Data in this exercise
<<<<

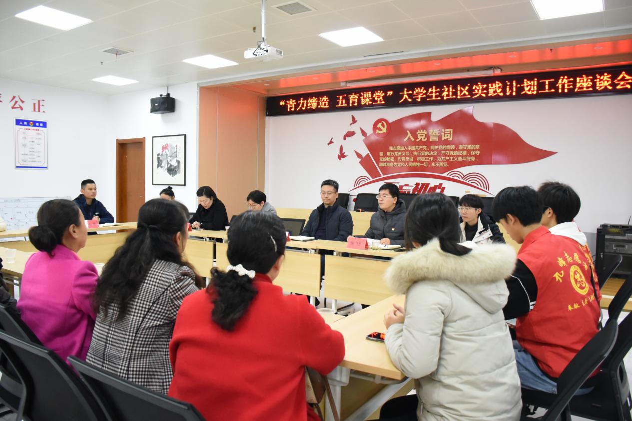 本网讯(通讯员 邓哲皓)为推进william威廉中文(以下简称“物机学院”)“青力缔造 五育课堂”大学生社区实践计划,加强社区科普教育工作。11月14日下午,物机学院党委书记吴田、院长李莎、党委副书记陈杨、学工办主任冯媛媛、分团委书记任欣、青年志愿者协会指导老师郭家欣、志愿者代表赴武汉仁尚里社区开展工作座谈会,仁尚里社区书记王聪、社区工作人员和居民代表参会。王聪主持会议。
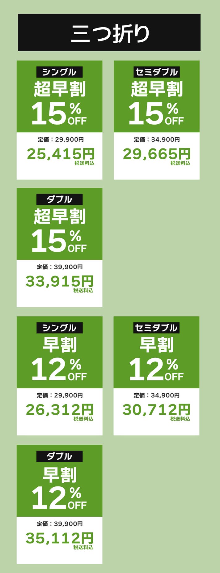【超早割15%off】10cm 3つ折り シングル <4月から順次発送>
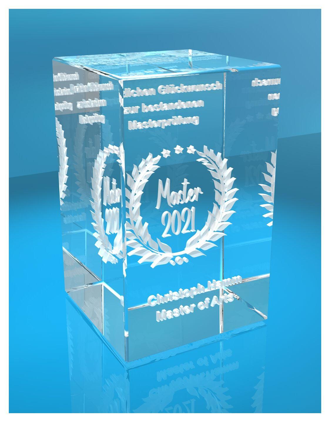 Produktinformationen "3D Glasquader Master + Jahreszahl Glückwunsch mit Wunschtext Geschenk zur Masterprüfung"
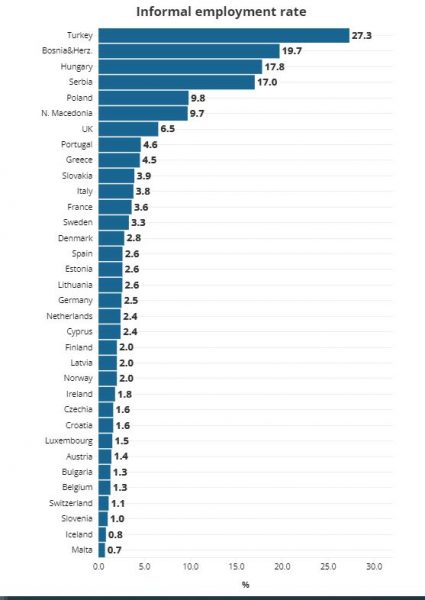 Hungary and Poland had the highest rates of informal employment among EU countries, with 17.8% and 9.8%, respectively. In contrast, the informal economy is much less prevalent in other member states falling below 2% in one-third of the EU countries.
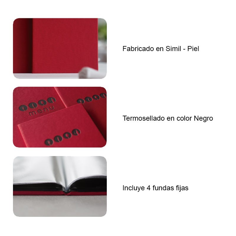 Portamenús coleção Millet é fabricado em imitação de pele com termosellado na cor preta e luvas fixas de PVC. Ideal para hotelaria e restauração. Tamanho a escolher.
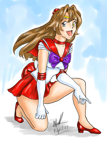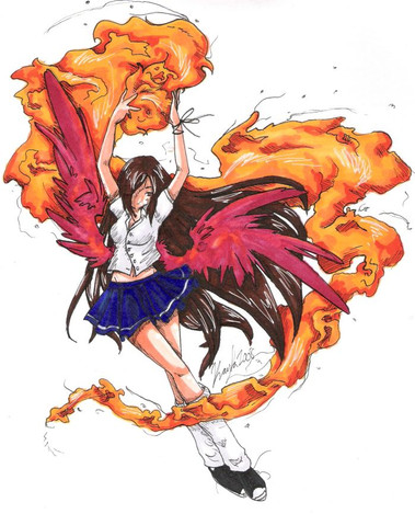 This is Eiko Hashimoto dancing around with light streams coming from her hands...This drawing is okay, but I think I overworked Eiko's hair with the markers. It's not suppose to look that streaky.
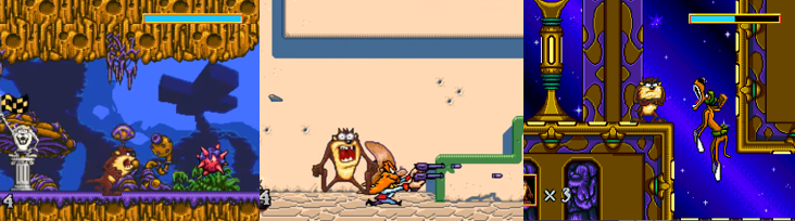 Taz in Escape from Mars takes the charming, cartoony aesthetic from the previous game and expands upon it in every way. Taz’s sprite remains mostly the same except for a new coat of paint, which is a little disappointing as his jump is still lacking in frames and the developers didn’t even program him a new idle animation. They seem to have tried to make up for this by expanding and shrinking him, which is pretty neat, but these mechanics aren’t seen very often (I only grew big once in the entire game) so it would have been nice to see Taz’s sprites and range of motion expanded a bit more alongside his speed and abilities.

>>>>

Return all of the material precisely as written. No picture belongs in it.

 本网讯(通讯员 邓哲皓)为推进william威廉中文(以下简称“物机学院”)“青力缔造 五育课堂”大学生社区实践计划,加强社区科普教育工作。11月14日下午,物机学院党委书记吴田、院长李莎、党委副书记陈杨、学工办主任冯媛媛、分团委书记任欣、青年志愿者协会指导老师郭家欣、志愿者代表赴武汉仁尚里社区开展工作座谈会,仁尚里社区书记王聪、社区工作人员和居民代表参会。王聪主持会议。
【超早割15%off】10cm 3つ折り シングル <4月から順次発送>
 Produktinformationen "3D Glasquader Master + Jahreszahl Glückwunsch mit Wunschtext Geschenk zur Masterprüfung"
 Hungary and Poland had the highest rates of informal employment among EU countries, with 17.8% and 9.8%, respectively. In contrast, the informal economy is much less prevalent in other member states falling below 2% in one-third of the EU countries.
 Portamenús coleção Millet é fabricado em imitação de pele com termosellado na cor preta e luvas fixas de PVC. Ideal para hotelaria e restauração. Tamanho a escolher.
 This is Eiko Hashimoto dancing around with light streams coming from her hands...This drawing is okay, but I think I overworked Eiko's hair with the markers. It's not suppose to look that streaky.
 Taz in Escape from Mars takes the charming, cartoony aesthetic from the previous game and expands upon it in every way. Taz’s sprite remains mostly the same except for a new coat of paint, which is a little disappointing as his jump is still lacking in frames and the developers didn’t even program him a new idle animation. They seem to have tried to make up for this by expanding and shrinking him, which is pretty neat, but these mechanics aren’t seen very often (I only grew big once in the entire game) so it would have been nice to see Taz’s sprites and range of motion expanded a bit more alongside his speed and abilities.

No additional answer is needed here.